Robert Ferraro: Bernard, spanning more than 30 years, you have written, produced, and sang on solo projects for every member of the Rolling Stones, and have performed on every Stones tour and album except one. I think you’ve got the gig.
Bernard Fowler: [laughs] I hope so. The solo stuff is how I came to them in the beginning. I met Mick first, and eventually ended up singing on his first solo record (1985’s ‘She’s The Boss’). Then, I just happened to run into him at a rehearsal studio a few years later as he was planning a solo tour, and he asked me to join him. A bit after that, I started touring with the Stones (1989’s ‘Steel Wheels’).
RF: When Mick asked you to do all of those things consecutively – his album, his tour, joining the Stones on the road – you must have been flying high.
Bernard: It was definitely a big moment, but it almost wasn’t! It didn’t go down as easily as I just said. Mick actually requested that I audition for his solo tour, and that struck a bad note with me because I had already worked with him on the record. My feelings were definitely getting in the way for a minute.
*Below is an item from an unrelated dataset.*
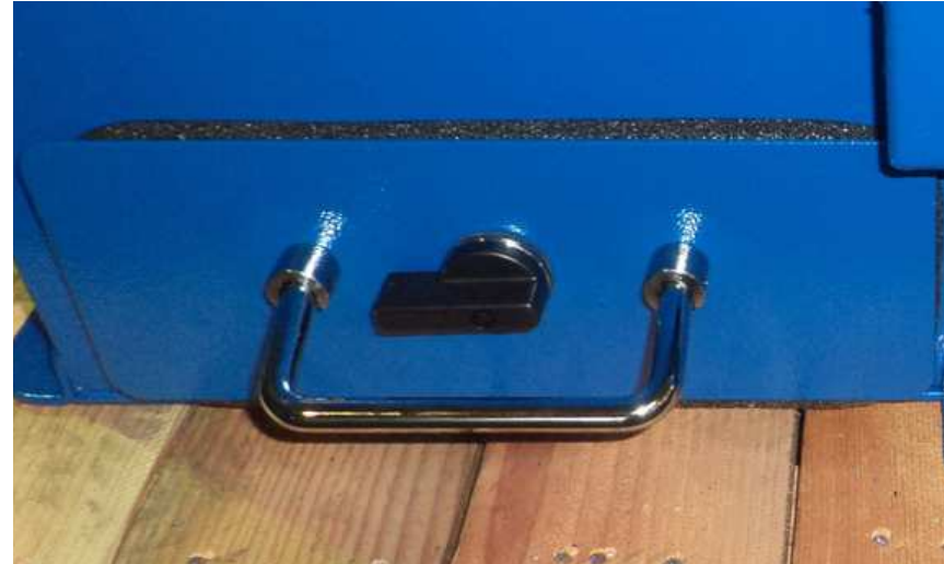
Standard WB-6066 Top Mount Collector drawer - Lockable drawer w/o key

Carmine Rojas (bassist for David Bowie, among others) spoke to me though, and he made me go in and do the audition. I killed it and got the gig, and I am forever grateful to him for having that talk with me.
RF: That changed the direction of your career, to put it mildly.
Bernard: Absolutely, and thank god for Carmine, because I’m still hanging around the Stones.
RF: Hanging around is understating it a bit. Whenever they play music, they ask you to play it with them.
Bernard: [laughs] And I love that.
RF: You sing mostly rock ‘n roll with those guys, but a look at any other part of your career reveals a list of musical interests that could make someone dizzy. Rock, Metal, Blues, Soul, Reggae, Funk, Jazz, etc. When you record or perform a genre of music, it sounds like you belong there. Is there anything in your background that explains this?
Bernard: That’s a great question. I don’t know for sure, but when I was very young, I became a product of the radio. I grew up in a predominantly black and Puerto Rican neighborhood in New York City, so most of what I heard while walking through the streets was soul and salsa. My Mom would play the radio all day though! And she didn’t listen only to the stations that played what I heard in the streets – she listened to rock stations, and even the occasional classical station. She’d play me that stuff to put me down for naps [laughs].
RF: You were absorbing a lot of different sounds.
RF: How about when you got older?
Bernard: When I started singing and had my first big single (1983’s ‘Don’t Make Me Wait’, with the Peech Boys) I was introduced to (bassist and producer) Bill Laswell. Bill opened my head up! He introduced me to music that I would have never come across if I hadn’t met him. I spent a lot of hours listening to all kinds of music with that man. He had a lot to do with my musical education.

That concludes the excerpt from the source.